- _WHAT IS REQUIRED_: Transcribe only the part of the material below that begins at the line containing "Anello con diamante" and ends at the line containing "为加强支部党员的奉献意识与担", with both kept and images left out.
--- DATASET ENTRIES Enclosed Below ---
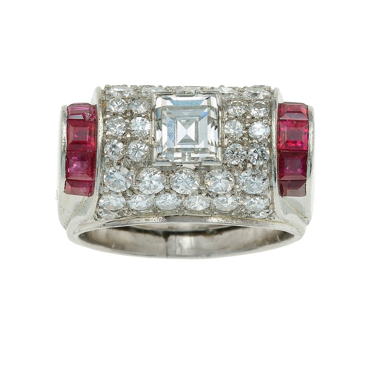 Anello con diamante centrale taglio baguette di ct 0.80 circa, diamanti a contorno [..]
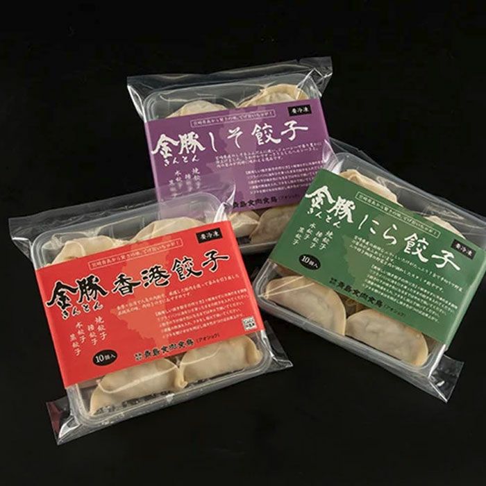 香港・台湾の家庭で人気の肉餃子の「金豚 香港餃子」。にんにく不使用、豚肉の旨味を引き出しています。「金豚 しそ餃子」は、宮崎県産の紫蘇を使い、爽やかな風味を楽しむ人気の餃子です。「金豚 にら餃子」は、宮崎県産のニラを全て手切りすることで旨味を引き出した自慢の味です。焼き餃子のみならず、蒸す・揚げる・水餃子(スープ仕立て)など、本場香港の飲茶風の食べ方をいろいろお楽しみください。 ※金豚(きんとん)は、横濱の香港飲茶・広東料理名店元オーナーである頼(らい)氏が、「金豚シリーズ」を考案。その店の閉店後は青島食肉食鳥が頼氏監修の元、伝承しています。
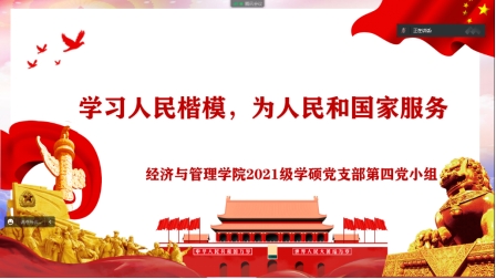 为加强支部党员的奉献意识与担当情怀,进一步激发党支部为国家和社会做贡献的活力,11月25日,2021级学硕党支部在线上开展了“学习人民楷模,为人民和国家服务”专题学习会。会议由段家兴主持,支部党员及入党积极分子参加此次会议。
--- End of Enclosed DATASET ENTRIES ---
--- DATASET ENTRIES Enclosed Below ---
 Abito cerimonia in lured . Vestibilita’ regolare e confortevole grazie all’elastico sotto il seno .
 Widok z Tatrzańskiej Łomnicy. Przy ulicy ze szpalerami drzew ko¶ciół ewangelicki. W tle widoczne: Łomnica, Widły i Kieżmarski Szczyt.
--- End of Enclosed DATASET ENTRIES ---
- _THE ANSWER_:
 Anello con diamante centrale taglio baguette di ct 0.80 circa, diamanti a contorno [..]
 香港・台湾の家庭で人気の肉餃子の「金豚 香港餃子」。にんにく不使用、豚肉の旨味を引き出しています。「金豚 しそ餃子」は、宮崎県産の紫蘇を使い、爽やかな風味を楽しむ人気の餃子です。「金豚 にら餃子」は、宮崎県産のニラを全て手切りすることで旨味を引き出した自慢の味です。焼き餃子のみならず、蒸す・揚げる・水餃子(スープ仕立て)など、本場香港の飲茶風の食べ方をいろいろお楽しみください。 ※金豚(きんとん)は、横濱の香港飲茶・広東料理名店元オーナーである頼(らい)氏が、「金豚シリーズ」を考案。その店の閉店後は青島食肉食鳥が頼氏監修の元、伝承しています。
 为加强支部党员的奉献意识与担当情怀,进一步激发党支部为国家和社会做贡献的活力,11月25日,2021级学硕党支部在线上开展了“学习人民楷模,为人民和国家服务”专题学习会。会议由段家兴主持,支部党员及入党积极分子参加此次会议。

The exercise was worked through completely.